ধারা ১ সমস্ত মানুষ স্বাধীনভাবে সমান মর্যাদা এবং অধিকার নিয়ে জন্মগ্রহণ করে। তাঁদের বিবেক এবং বুদ্ধি আছে; সুতরাং সকলেরই একে অপরের প্রতি ভ্রাতৃত্বসুলভ মনোভাব নিয়ে আচরণ করা উচিত।
ধারা ২ এ ঘোষণায় উল্লেখিত স্বাধীনতা এবং অধিকারসমূহে গোত্র, ধর্ম, বর্ণ, শিক্ষা, ভাষা, রাজনৈতিক বা অন্যবিধ মতামত, জাতীয় বা সামাজিক উত্পত্তি, জন্ম, সম্পত্তি বা অন্য কোন মর্যাদা নির্বিশেষে প্রত্যেকেরই সমান অধিকার থাকবে। কোন দেশ বা ভূখণ্ডের রাজনৈতিক, সীমানাগত বা আন্তর্জাতিক মর্যাদার ভিত্তিতে তার কোন অধিবাসীর প্রতি কোনরূপ বৈষম্য করা হবেনা; সে দেশ বা ভূখণ্ড স্বাধীনই হোক, হোক অছিভূক্ত, অস্বায়ত্বশাসিত কিংবা সার্বভৌমত্বের অন্য কোন সীমাবদ্ধতায় বিরাজমান।
The Bengali (also called Bangla) script is used for writing the Bengali language, spoken by over 180,000,000 people mostly in Bangladesh and India. It is also used for a number of other Indian languages including Sylheti and, with one or two modifications, Assamese. It is a Brahmic script although its exact derivation is disputed. Bengali writing shares some similarities with the Dravidian-language scripts, particularly in the shapes of some vowel letters, but it is generally more similar to the Aryan-language scripts, in particular Devanagari.
The Bengali alphabet or Bangla alphabet (Bengali: বাংলা বর্ণমালা, bangla bôrnômala) or Bengali script (Bengali: বাংলা লিপি, bangla lipi) is the writing system for the Bengali language and, together with the Assamese alphabet, is the fifth most widely used writing system in the world. The script is used for other languages like Meithei and Bishnupriya Manipuri, and has historically been used to write Sanskrit within Bengal.
Bengali is an abugida, and is called বাংলা baɱla in the Bangla language. See the table to the right for a brief overview of features, taken from the Script Comparison Table.
This is characterised by consonant characters that include an inherent vowel sound. The inherent vowel can be overridden using vowel signs appended to the character. There are also independent vowel signs to represent vowels that are not preceded by consonants. The syllable is the unit for various aspects of the behaviour of the script.
The alphabet is split into vowels and consonants. With one exception (ɔ-kar), each vowel is represented by both an independent version and a combining vowel sign.
Text runs horizontally, left to right, and lines typically break at the spaces between words. The script has no upper-/lowercase distinction.
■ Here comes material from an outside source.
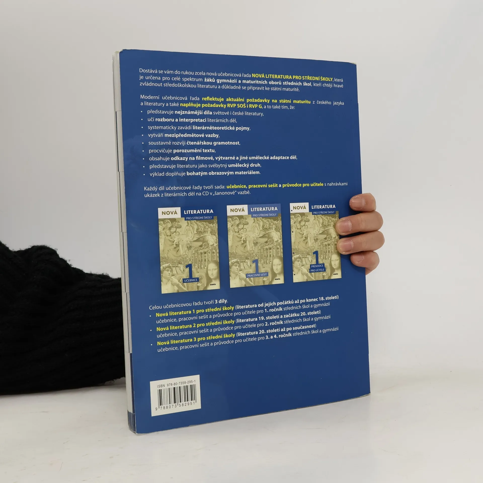 První díl učebnicové řady Nová literatura 1 pro střední školy je určen pro 1. ročník středních škol a gymnázií. Úvodní kapitola učebnice představuje žákům literaturu jako svébytný umělecký druh. Dále je učebnice řazena chronologicky a obsahuje učivo od nejstarších písemných památek po literaturu 18. století. Poslední kapitola učebnice zavádí základní literárněteoretické pojmy užívané při interpretaci děl. Učebnicové texty naplňují požadavky rámcových vzdělávacích programů a již od 1. ročníku soustavně připravují středoškoláky ke státní maturitě z předmětu český jazyk a literatura. Výjimečnost učebnicové sady Nová literatura 1 pro střední školy spočívá zejména v tom, že: * učí rozboru a interpretaci literárních děl, která se často vyskytují na školních seznamech literárních děl k maturitě; * systematicky seznamují studenty se základními literárněteoretickými pojmy, které jsou využívány k interpretaci děl; * rozvíjí čtenářskou gramotnost a soustavně procvičuje porozumění textu; * představuje historické pozadí doby vzniku literárního díla, uvádí žáka do kontextu doby a rozvíjí tak mezipředmětové vazby; * doplňuje učebnicové texty bohatým obrazovým materiálem a odkazy na filmové adaptace literárních děl. Orientaci v učebnici usnadňuje výborné grafické zpracování. Učebnicový text je rozdělen podle typu předkládaných informací do odpovídajících výkladových bloků a postranních rámečků.

The basic unit for text segmentation is the syllable. Unicode grapheme clusters don't cover consonant clusters, so some additional processing is needed to identify text unit boundaries.
The Bengali script characters in Unicode 12.0 are in the following block:
The following links give information about characters used for languages associated with this script. The numbers in parentheses are for non-ASCII characters.
For character-specific details see Bengali character notes.
The effective unit of the Bengali writing systems is the orthographic syllable.
An orthographic syllable can be defined in one of the following sequence of code point. Lowercase letters represent combining characters. Some vowel signs may be displayed at the start of the sequence, although the code points representing them always appear after the base consonant
[C[n]h] [C[n]h (ᶻʷʲ)] C[n] [h | (ᶻʷⁿʲ) v [v] (c)] [f]
The core of a consonant-based syllable is a base consonant character, which may or may not additionally represent an inherent vowel if it stands alone. If it is followed by a vowel-sign or hasant, there is no inherent vowel. At the end of a word, there may or may not be an inherent vowel, whether or not there is a hasant.
The base consonant may also be a combination of consonant code point plus nukta.
The base consonant can be preceded by up to two consonant+hasant pairs (where the consonant may also be a combination of consonant+nukta), but only if those consonants form conjuncts (ie. the hasant is invisible), eg. ক্ক,ম্প,ক্ষ, ন্ত্র k͓k,m͓p,k͓ʃ̇, n͓t͓r. If the preceding consonants carry visible hasant symbols, those are treated as separate orthographic syllables.
In some cases, a RA + hasant followed by YA may introduce a ZWJ character after the hasant, in order to specify special shaping rules for the YA.
Note that the variable use of the hasant in Bengali means that a phonetic cluster of consonants can constitute a larger series of orthographic syllables. For example, করতাল krtɑl kɔrtɑl has two phonetic syllables, but 3 orthographic since the rt combination is not combined.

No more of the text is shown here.